#### [LISTED ENTRIES]
-*-*-

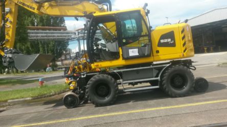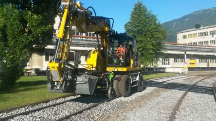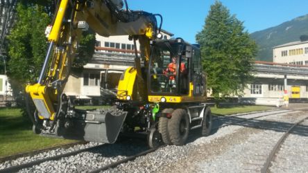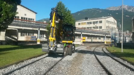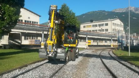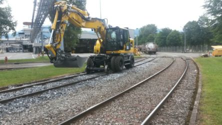 1er test de notre pelle rail-route Liebherr RR922 avec son module de bourrage Geismar MB8 AC sur le site chimique de Monthey CIMO.
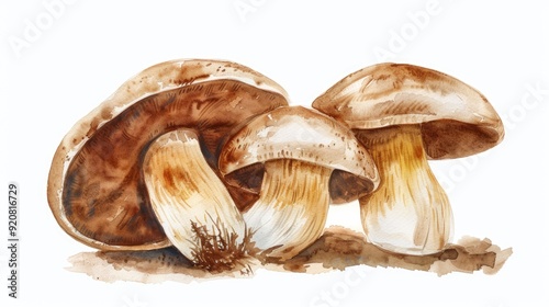 © Yevhen, Fototapeta premium Hand-drawn Watercolor Illustration of Raw Asian Mushrooms on White Background
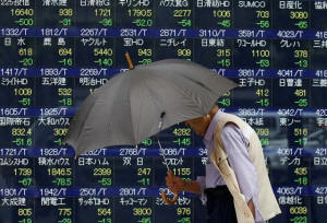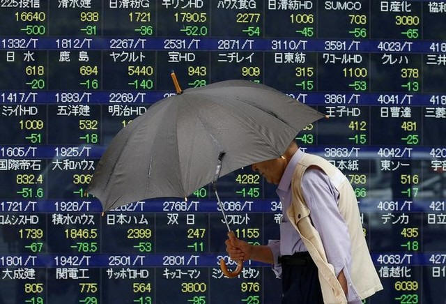 A pedestrian holding an umbrella walks past a stock quotation board
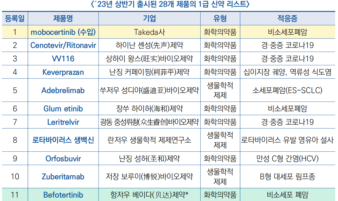 - 중국은 화학의약품 19개 제품(14종), 생물학적 제제 8개 제품(5종) 및 중약 신약 1개를 포함하여 총 28개 제품(20종)의 혁신 의약품 의약품을 출시
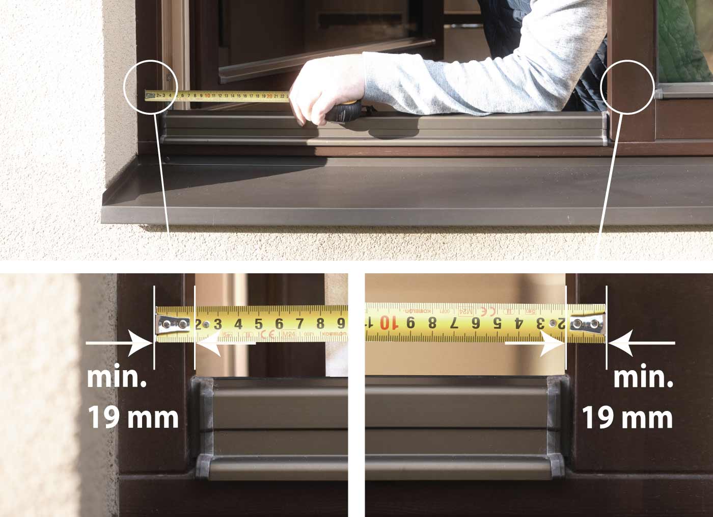 Dieser Abstand ist für die Außenmaße des Insektenschutzgitters erforderlich.
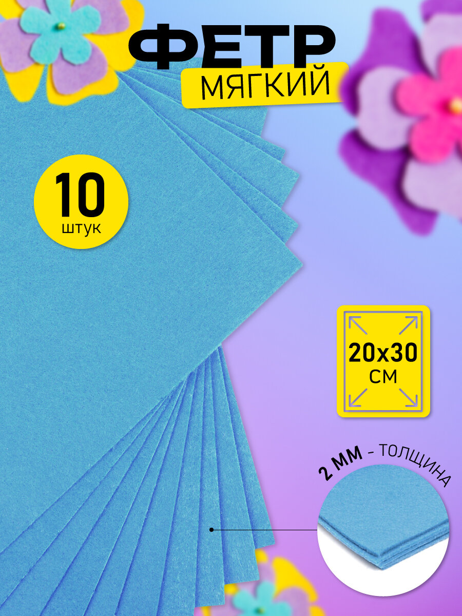 10 цен на Фетр листовой мягкий Magic 4 Hobby 2мм 20х30см арт. FLT-S2 уп.10 листов цв.615/028 голубой
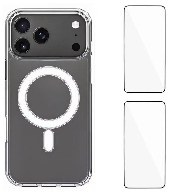 This set includes 1 x hybrid case with MagSafe for iPhone 17 Pro Max and 2 x tempered glass screen protectors.
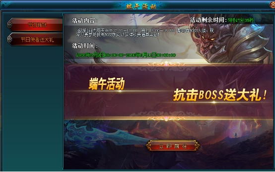 活动内容:活动期间内,每天中午12:30-13:00,晚上18:00-18:30,都会有BOSS入侵,玩家只要参与抗击BOSS就可以获得珍贵道具奖励!

-*-*-

Pictures are to be left out, and the lines from the beginning of the records through the line with "- 중국은 화학의약품" are to be printed exactly, with nothing added.

#### [YOUR RESPONSE]
 1er test de notre pelle rail-route Liebherr RR922 avec son module de bourrage Geismar MB8 AC sur le site chimique de Monthey CIMO.
 © Yevhen, Fototapeta premium Hand-drawn Watercolor Illustration of Raw Asian Mushrooms on White Background
 A pedestrian holding an umbrella walks past a stock quotation board
 - 중국은 화학의약품 19개 제품(14종), 생물학적 제제 8개 제품(5종) 및 중약 신약 1개를 포함하여 총 28개 제품(20종)의 혁신 의약품 의약품을 출시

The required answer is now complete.